Nope, your not the only one. I always have trouble with this speaker, but with this sentence, she sounded like she had just overdosed on double espressos. I realize that she is probably speaking slowly and distinctly by the standards of a native speaker. --But after I played the clip about eight times at normal speed, I had to resort to the slow-mode. I just couldn't understand her.
In Spanish the article (la or el) indicates one of two things. One, it can refer to a specific individual object (for example, "Como el pollo", I eat the chicken -- referring to a specific chicken you bought and cooked). Second, it can refer to something in a very general, universal sense (for example, "Odio la lluvia", I hate rain - referring to rain generally).
This doesn't fit either category since we're talking about various "comida" that have been prepared, and not about a specific item of food.
There are a lot of times where the pronunciation sounds completely different. After I type what I hear, I re-read it to see if it makes sense and adjust it if it doesn't. More times then not I am right for doing so and is a good way to test your knowledge of Spanish and how words are formed. I know it is frustrating, but I would recommend everyone take these inaccuracies as learning opportunities.
I know for some new learners it might be helpful the "nosotros" at the begging but, since the conjugation of the verb is already stating the person referring to ("hacemos"), wouldn't it be better to avoid the "nosotros" since it's rarely used both in spanish, so they learn they're not used together?
It's not wrong. Duo doesn't always have every possible translation in its database.
The right thing to do is to flag it on the answer page as "My answer should be accepted"; that way it will be added to the list of suggested translations and can be officially included at some point.

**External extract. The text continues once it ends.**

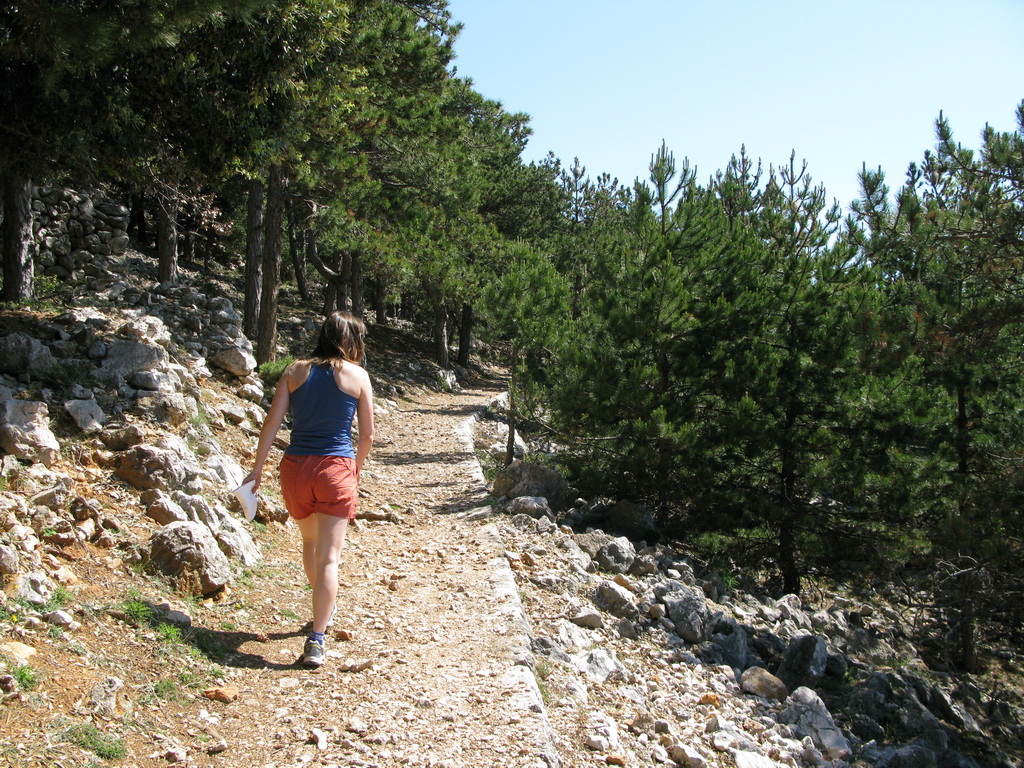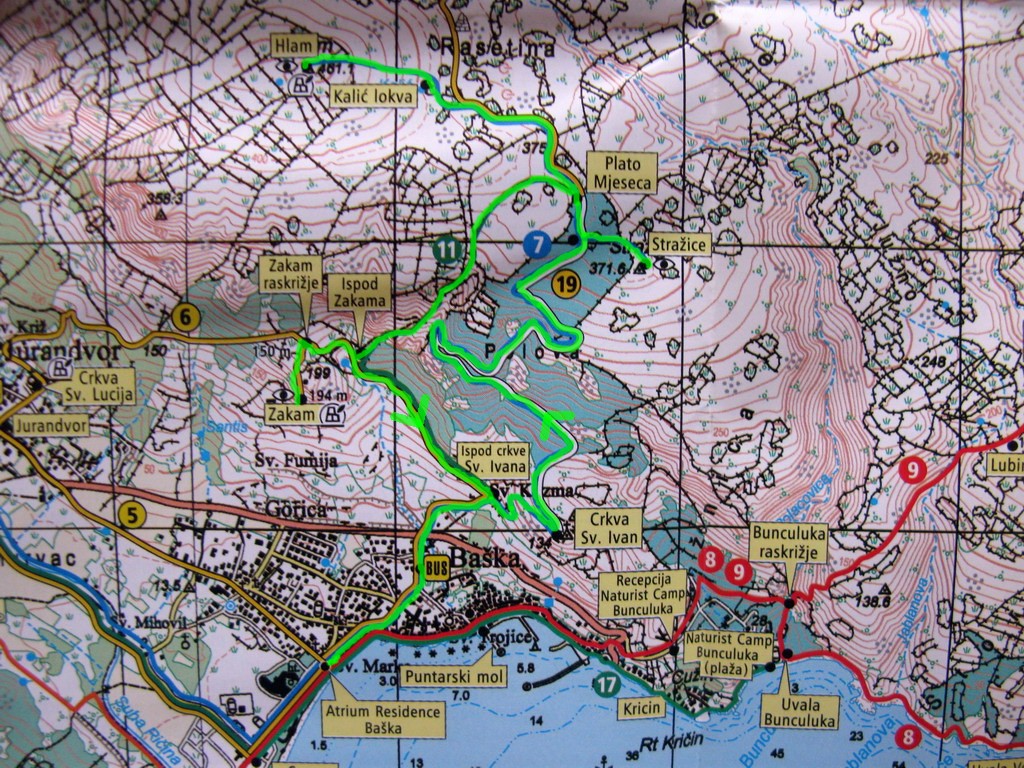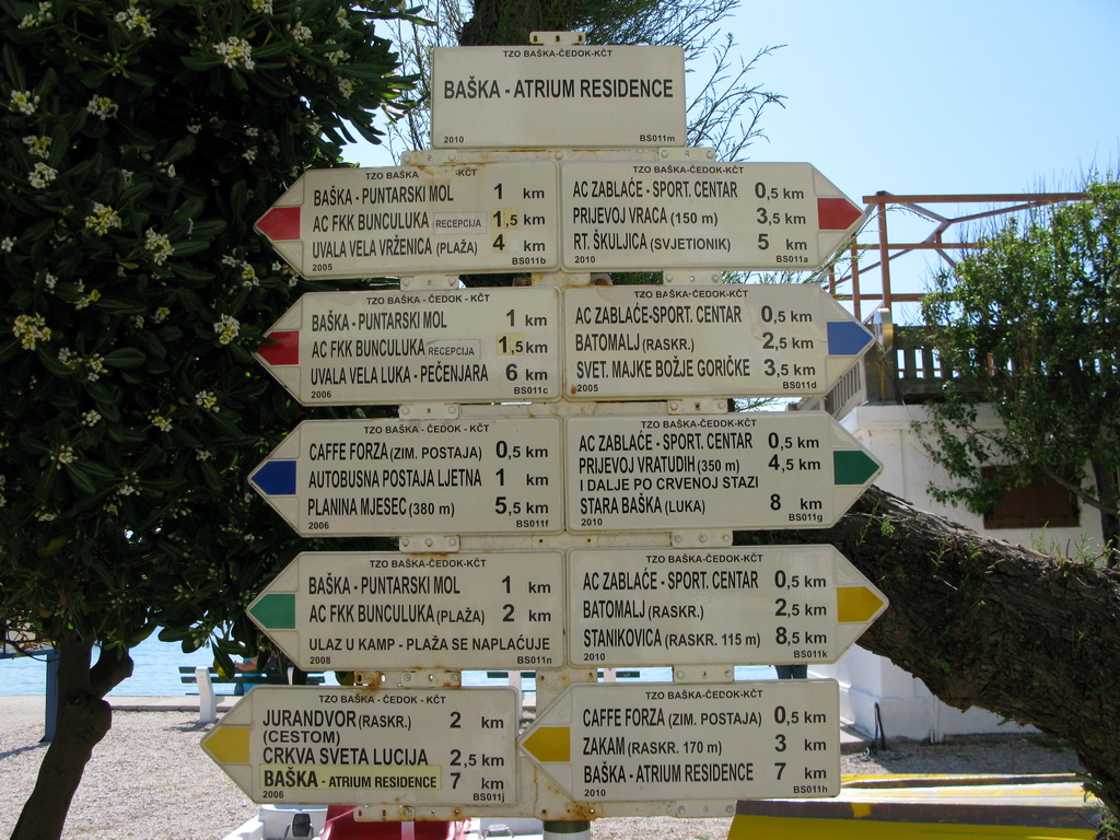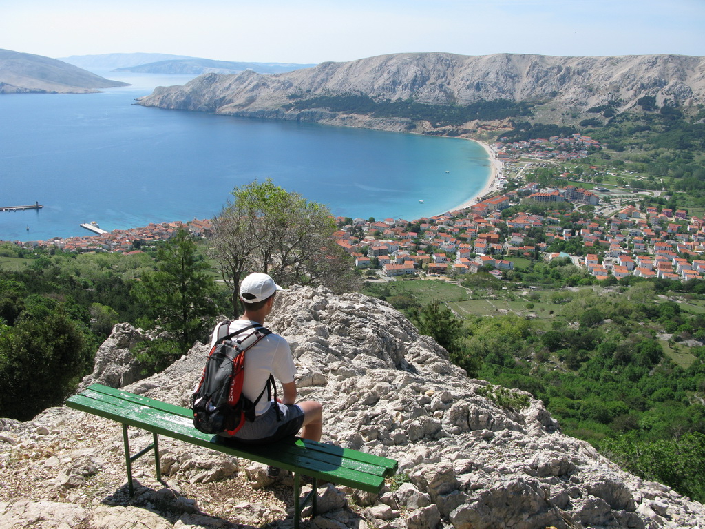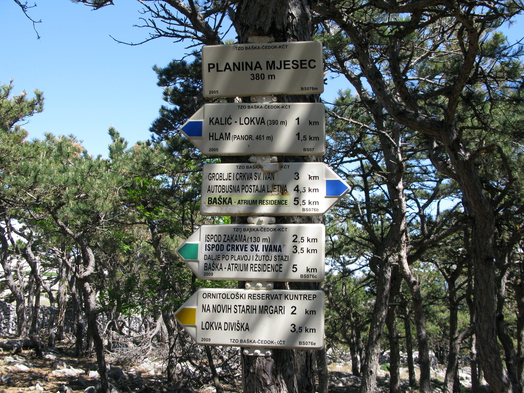 Po príchode na ostrov Krk sme sa ubytovali v kempe Zablače v stredisku Baška nachádzajúcom sa na juhovýchodnom cípe ostrova. More bolo ešte chladné a tak sme sa rozhodli pre aklimatizačnú túru. Na nábreží sme objavili rázcestník s množstvom tabuliek. Túry boli dokonca značené rôznymi farbami, čo v Chorvátsku nebýva zvykom. Až keď sme sa pozreli lepšie, zbadali sme na tabuľkách malým písmom: KČT Čedok. Tu sa nám rozjasnilo: Baška je už od predvojnových čias letoviskom so silným vplyvom našich západných susedov. Preto aj tá sieť farebných značiek. Teraz už len zostávalo zohnať mapu. Po chvíli hľadania sme našli informačku a čuduj sa svete: mapa bola zadarmo!

While this is technically a correct sentence, I think it's a rare and awkward way to put it in English -- it just feels wrong and most people will not "get" the correct English interpretation from it. Bottom line, I wouldn't use this English sentence because it would be confusing.
Just want to point out that the system will not "relook" at anything based on posts here in the discussion board. The rest of us here in the discussion are just other users like you and we can't see your answer to talk about why it is or isn't correct unless you include it here.
I put "nosotros siempre hacemos la comida muy buena." I'm not sure why its wrong. I know i have 'la' there, but the food is still a generalised statement.
Place the line in straight translation "we always make the food very well." Its still makes the same sense.
Imagine a head chef responding to criticism from his boss.
My comment's not about the pronounciation, which for the record, is still incorrect as of 15 April 2020. I'm wondering why the difference in use of article between comida and almuerzo. For eg. Hacemos comida but Hacemos el almuerzo or el desayuno.
How do I know which nouns take articles.
In English grammar, you are using "very good" to describe the act of "making," hence it should be "very well. To describe the food, you need to put "very good" before the noun
We always make very good food ==> the food is very good. We always make food very well ==> implies that you did a good job at making it.
For those saying this is bad English or that "very good" should only go before the noun -- the sentence of quegar technically is correct English -- in the sense that "we" take existing food and make that food "very good".
It's the same sentence structure as saying, for example, "we always make our son happy".
there is no word that means lovely here. The hovering words say very well when I double checked it.
comida = "food"
Food (noun, often attributive)
- a : material consisting essentially of protein, carbohydrate, and fat used in the body of an organism to sustain growth, repair, and vital processes and to furnish energy; also : such food together with supplementary substances (such as minerals, vitamins, and condiments)
b : inorganic substances absorbed by plants in gaseous form or in water solution
- nutriment in solid form
- something that nourishes, sustains, or supplies
I see nothing in the definition of food that excludes "meals, dishes drinks."
So are you arguing that we should not use the word "food" to refer to creatively combining these natural ingredients? If so, cool. But we're here to learn definitions and rules already in use in order to better communicate with those making use of them. Making up our own rules is counter-productive.
Or are you under the mistaken impression that we do not already use the word "food" in this way? If so, keep studying and please feel free to ask questions when something doesn't make sense to you.